$4.2B Acquisition of Baldor Appears to Be on Schedule

by Robert Bell  on Monday, Jan. 24, 2011 12:00 am  

Kermit Kuehn, an economist at the University of Arkansas at Fort Smith, said only time would tell how the Baldor purchase would affect Fort Smith.

 

Valuable Name

In addition to retaining Baldor's management and headquarters, ABB is also keeping the company's name.

That's not uncommon, said Dan Curtis, director of Arkansas Manufacturing Solutions and vice president of industry for the Arkansas Science & Technology Authority.

"It's a business decision," Curtis said. "If they want to assimilate it then they may change the name and they may not.
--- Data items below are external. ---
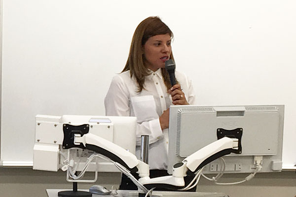 南米コロンビアを含み南米地域では、日本と違い、ミドルネームや両親の姓をそれぞれ自分の姓に加えることにより、とても長い名前になることなどを話していただきました。また、結婚後も嫁は、夫の姓に名前を変更しないことなど日本との違いについて強調しました。英語Aクラスでは、とても英語が得意なクラスで、学生たちはとても積極的に話を聞き、質疑応答でも英語で質問をしていました。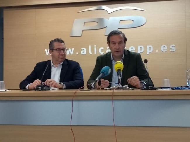 El secretario general del PP, Toni Pérez, (i) y el diputado autonómico, Nando Pastor (i), en la presentación de las enmiendas a la provincia que llevarán al debate en Corts. / Sonia Martín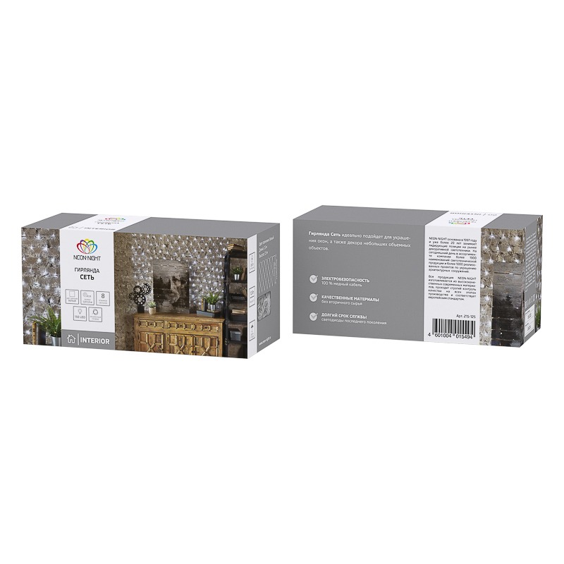 Гирлянда «Сеть» 1,5×1,5 м прекрасно подходит для декора оконных проемов. 96 светодиодов, излучающих ровный белый свет, расположены на одинаковом расстоянии. Воздушная сетка, в основе которой находится провод с прозрачной оболочкой из ПВХ, можно крепить при помощи крючков на присоске. Диапазон рабочих температур и защита IP20 предполагают использование в сухих отапливаемых помещениях. Контроллер с 8 режимами управляет красивыми динамическими эффектами.

It just depends on the market and the name and what they feel is going to be to their advantage in the U.S. market. I think Baldor has a good name. They're a very reputable company, well run, and probably the name has some real value in the market."

Scott Alaniz, a chartered financial analyst and founding partner with Boston Mountain Money Management Inc. in Rogers, offered a similar assessment of Baldor. His firm doesn't have any Baldor stock, but Alaniz followed the company when he was an analyst at Stephens Inc.

"That company is extraordinarily well run, and they did an extraordinary job for their shareholders, and they have always done a great job of taking care of their shareholders," Alaniz said.

"We certainly hate to see Arkansas lose an independent publicly traded company, and Baldor is - they're top notch. I think it's one of the highest-quality public companies I've ever been involved with. It's bittersweet; I hate to see it become part of a larger firm. But they got a great price for their shareholders."

ABB's acquisition of Baldor is valued at $4.2 billion - $3.1 billion in cash and $1.1 billion in assumed debt. The Swiss company had about $5.3 billion in net cash as of the end of the third quarter. The Baldor deal followed an attempt to purchase the British power systems firm Chloride, in which ABB was outbid by Emerson Electric Co.

ABB's cash-flush position is not uncommon among large global companies.

"It's timely for large companies to buy small companies, because large companies have built up their cash reserves over the last several years," Alaniz said. "They've been deferring capital expenditures so that their balance sheets have much more cash. And as you know, cash is bringing very, very low returns."

With the sluggish growth in the global economy in the last few years, many companies might decide that organic growth will be difficult, so it might make more sense to grow through acquisition, he said.